There we have it, a preview of the list of functions that might be coming in desktop version 10 of Mathematica courtesy of the free Pi version.

No local documentation

On a desktop version of Mathematica, all of the Mathematica documentation is available on your local machine by clicking on Help->Documentation Center in the Mathematica notebook interface.  On the pi version, it seems that there is no local documentation, presumably to keep the installation size down.  You get to the documentation via the notebook interface by clicking on Help->OnlineDocumentation which takes you to http://reference.wolfram.com/language/?src=raspi

Speed vs my laptop

I am used to running Mathematica on high specification machines and so naturally the pi version felt very sluggish–particularly when using the notebook interface.  With that said, however,  I found it very usable for general playing around.  I was very curious, however, about the speed of the pi version compared to the version on my home laptop and so created a small benchmark notebook that did three things:

  • Calculate pi to 1,000,000 decimal places.
  • Multiply two 1000 x 1000 random matrices together
  • Integrate sin(x)^2*tan(x) with respect to x

The comparison is going to be against my Windows 7 laptop which has a quad-core Intel Core i7-2630QM. The procedure I followed was:

  • Start a fresh version of the Mathematica notebook and open pi_bench.nb
  • Click on Evaluation->Evaluate Notebook and record the times
  • Click on Evaluation->Evaluate Notebook again and record the new times.

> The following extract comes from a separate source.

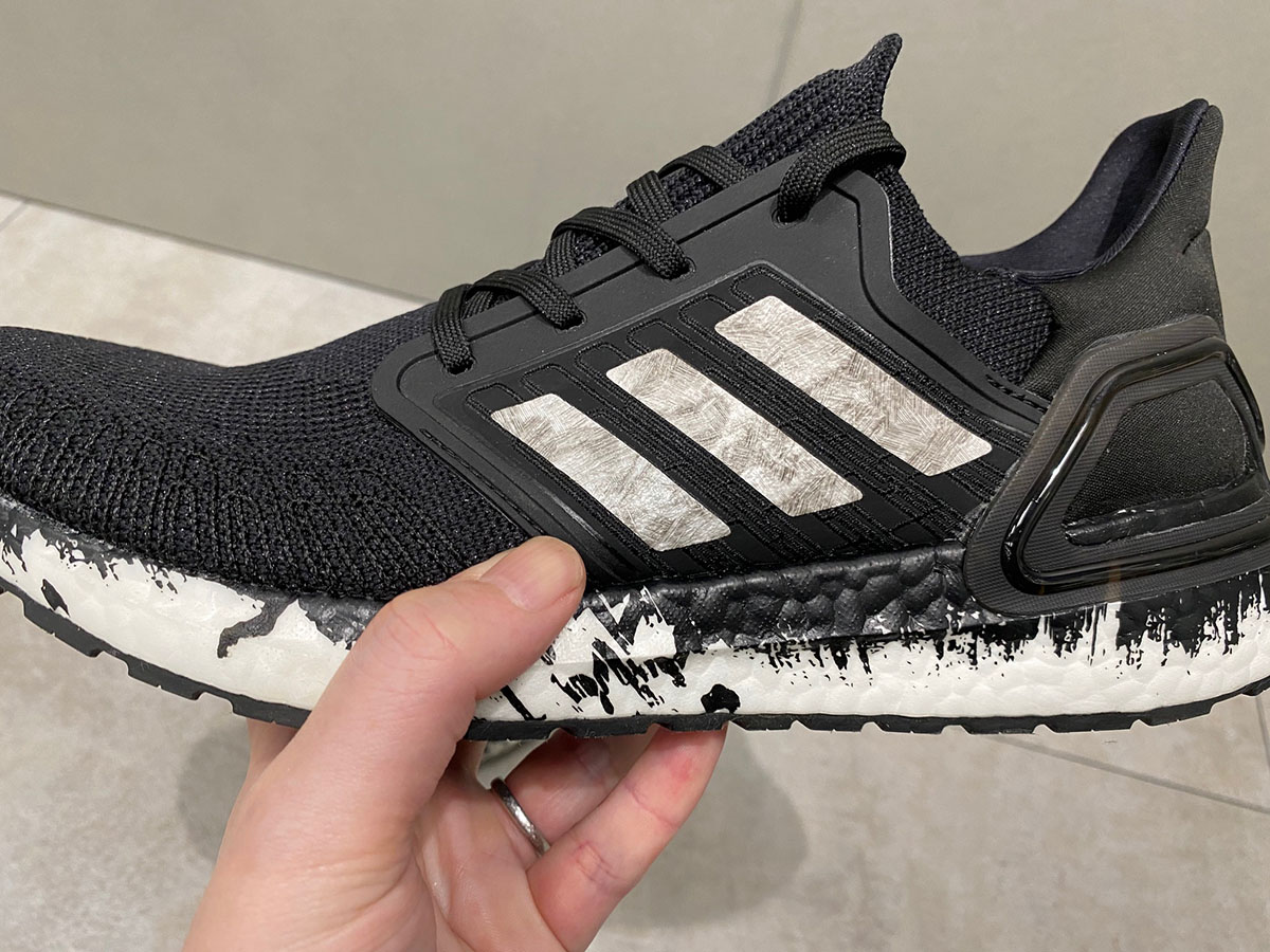 ソールにはお馴染みのブーストミッドソールを搭載し、クッション性と反発性を両立しています。まるでアッパーから垂れ落ちたようなペイントが、どことなくストリートフレーバーも感じさせます。

Note that I use the AbsoluteTiming function instead of Timing (detailed reason given here) and I clear the system cache (detailed resason given here).   You can download the notebook I used here.  Alternatively, copy and paste the code below

(*Clear Cache*)
ClearSystemCache[]

(*Calculate pi to 1 million decimal places and store the result*)
AbsoluteTiming[pi = N[Pi, 1000000];]

(*Multiply two random 1000x1000 matrices together and store the \
result*)
a = RandomReal[1, {1000, 1000}];
b = RandomReal[1, {1000, 1000}];

AbsoluteTiming[prod = Dot[a, b];]

(*calculate an integral and store the result*)
AbsoluteTiming[res = Integrate[Sin[x]^2*Tan[x], x];]

Here are the results. All timings in seconds.

Test Laptop Run 1 Laptop Run 2 RaspPi Run 1 RaspPi Run 2 Best Pi/Best Laptop
Million digits of Pi 0.994057 1.007058 14.101360 13.860549 13.9434
Matrix product 0.108006 0.074004 85.076986 85.526180 1149.63
Symbolic integral 0.035002 0.008000 0.980086 0.448804 56.1

From these tests, we see that Mathematica on the pi is around 14 to 1149 times slower on the pi than my laptop. The huge difference between the pi and laptop for the matrix product stems from the fact that ,on the laptop, Mathematica is using Intels Math Kernel Library (MKL).  The MKL is extremely well optimised for Intel processors and will be using all 4 of the laptop’s CPU cores along with extra tricks such as AVX operations etc.  I am not sure what is being used on the pi for this operation.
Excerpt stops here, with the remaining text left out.